Он тогда как-то странно посмотрел на меня, как будто не понял, что я спросила.
- Что значит, почему? Она жить хочет. Все хотят.
Я больше не спрашивала, потому что меня обескуражила его реакция, но этот ответ меня тогда не устроил. Глядя, как кряхтит Фрида со своими сумками, как потеет и гнётся с ними к земле, я не могла понять, зачем она хочет жить. Какой в этом смысл, если она – одинокая, больная и старая.
Сегодня я снова её вспомнила, когда по дороге домой у меня случился приступ.
Мы остановились у обочины, и я вышла на улицу, надеясь, что свежий воздух приведёт меня в чувство. Сидела у машины на корточках, осторожно вдыхая воздух маленькими порциями – на нормальный вдох тело реагировало резкой болью в грудной клетке. Все двадцать минут таксист упрямо не выключал счётчик, но никто ему и слова не сказал.
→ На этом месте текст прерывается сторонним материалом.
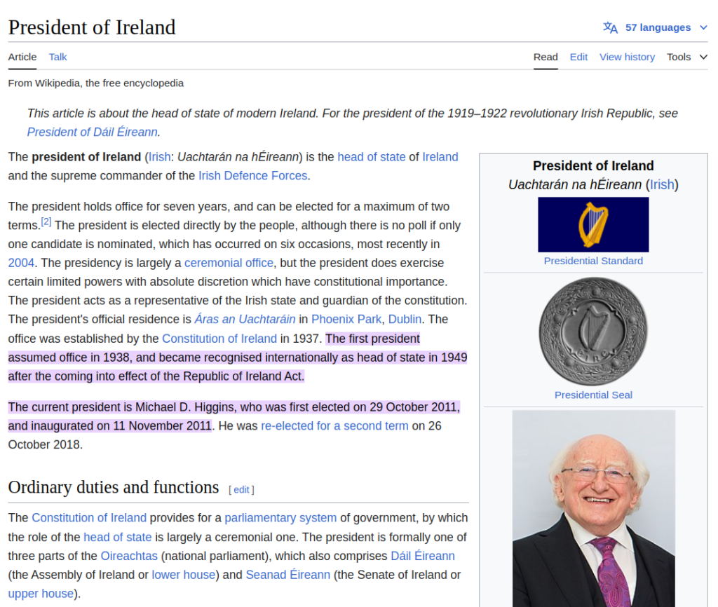 Irlands President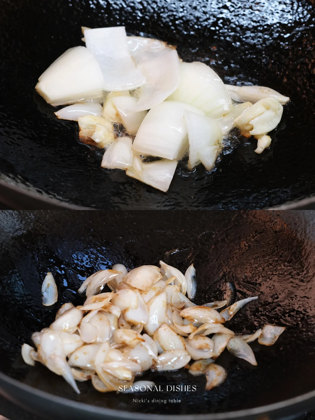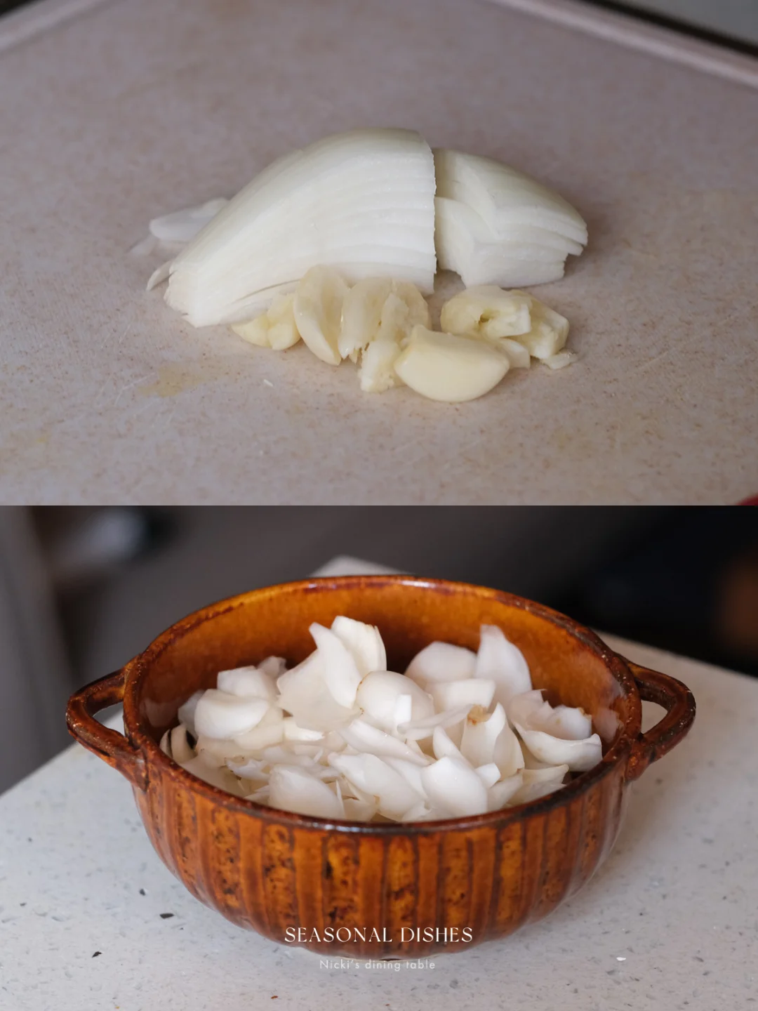 福和慧这一季有一道料理:啫啫百合。整颗百合下铺满洋葱,每一片吃起来甜香软糯。回家后念念不忘,但觉得它好吃但不太下饭,所以把它做成了焖饭的形式。

Потом, лёжа на коленях у Рут и сжимая что есть силы её руку, я думала, что моё тело немногим отличалось от того, что получила Фрида. Ему осталось жить не больше тридцати пяти лет, и за это время оно вряд ли успеет принести мне много пользы. Оно неспособно заниматься физической работой, неспособно рожать детей, требует ежемесячных солидных денежных вливаний и осторожного обращения, а ещё приносит много боли и неудобств.
Но когда я, измученная и вспотевшая, на дрожащих ногах выходила из машины у своего дома, я думала – как же здорово, что я до сих пор есть. Спасибо, Мортимер, что подарил мне такую замечательную жизнь.
Дверь я открыла своим ключом. Уже почти год этого не делала. Как и не носила обычной одежды. Кто бы мог подумать, что парочка мелочей может так взволновать меня? Вдали от университета с его правилами и ограничениями, я чувствовала странную лёгкость во всем теле просто от возможности никак ему не подчиняться. Теперь целых два долгих месяца я могла быть совершенно свободна. Эта мысль кружила мне голову.
Но стоило мне переступить порог, и лёгкость как рукой сняло. Я даже не сразу поняла, что не так. Оставив сумку у входа, я прошла по коридору к гостиной – тишина звенела, как в гробу – и только толкнув дверь, осознала вдруг, что меня насторожило – запах. Обычно так пахли проблемы.
В первую секунду мне показалось, что я в комнате одна. Так там было тихо. И вовсе не такой она была, какой я её оставила, уезжая. Только спустя мгновение мне удалось различить среди гор мусора и пустых бутылок бледную тень своего отца.
- Папа? – подала голос я, и он только тогда, по-моему, обратил на меня внимание. Сфокусировал на мне пьяный мутный взгляд. Кажется, тоже не сразу понял, кто я.
- Сандра, - выдохнул он, то ли спрашивая, то ли утверждая, - ты что здесь делаешь?
Я даже опешила.
- На каникулы приехала. Мы созванивались неделю назад, и ты сказал, что будешь меня ждать.
Он странно дёрнул плечом. Будто хотел извиниться, но не знал как – и поэтому тело само по себе невольно выдало подсознательный импульс.
- Я забыл, - сказал он.
И поднял на меня виноватый взгляд. Без очков его глаза казались ещё уже. Я не знала, плакать мне или смеяться.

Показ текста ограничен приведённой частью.